BY IAN MYLCHREEST -- “I’ve been obsessed with Jesus for a very long time,” says author Reza Aslan. He will be speaking about his new book, Zealot: The Life and Times of Jesus of Nazareth, at the Clark County Library on Monday night.
Aslan converted to evangelical Christianity when he was 15 years old but, he says, “When I went to college and began studying the New Testament from an academic perspective, I noticed a big gap between what I was learning about the Jesus of history and what I had been taught about the Christ of faith.”
Much of his new book turns on that distinction between the historical man Jesus, and the religious figure he became after his death. As a woodworker, Jesus would have been on the lowest rung of the social ladder, argues Aslan. He nonetheless challenged the greatest empire in history on behalf of the poor and the downtrodden, and his life created the largest religion in the world.
The very fact that Jesus was crucified is evidence that he was a political revolutionary. “Crucifixion under the Roman Imperium was the punishment for treason, for sedition, for insurrection and rebellion, for crimes against the state,” Aslan says. “There was no other crime for which you could be crucified.” And that, he argues, is enough to tell us that Christ was not, as some Christians argue, only concerned with things beyond this world.
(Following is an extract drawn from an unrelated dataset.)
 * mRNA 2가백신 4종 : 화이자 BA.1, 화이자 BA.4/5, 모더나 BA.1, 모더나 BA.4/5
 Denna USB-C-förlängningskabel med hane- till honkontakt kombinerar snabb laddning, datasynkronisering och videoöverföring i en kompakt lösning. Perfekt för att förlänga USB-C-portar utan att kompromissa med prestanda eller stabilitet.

Any claim to being the Messiah was a treasonable offense. The claim itself challenged the Roman Empire and the Romans met such claims with overwhelming force. They massacred hundreds, perhaps thousands of Jews in first century Palestine, razed the Jerusalem and destroyed the Temple in 70 C.E. to crush the political rebellion of the Jews.
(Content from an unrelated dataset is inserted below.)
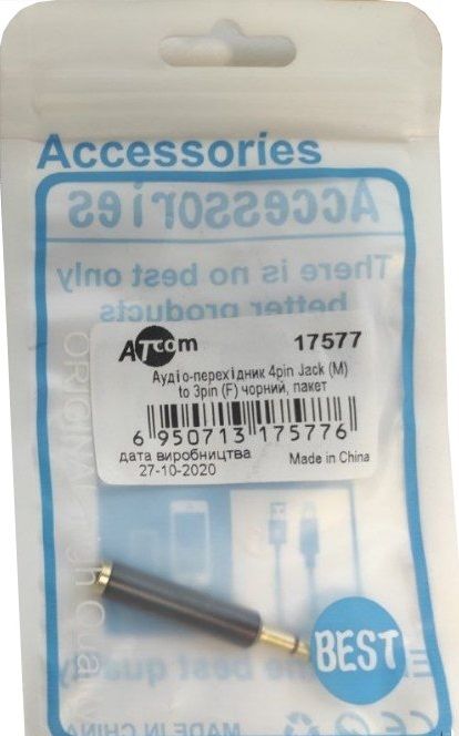 Перехідник Atcom (AT17577) 4pin Jack (M) to 3pin (F) чорний.

And part of the explanation for the legacy of Christianity lies in that Roman attack. The earliest Christians, particularly St. Paul, sought to take the political message out of Jesus life. They excised any claims of earthly power or apocalyptic endings to Roman rule and instead remade Jesus as a figure concerned exclusively with the next world. Doing so, Aslan argues, makes Jesus much less than he was in life.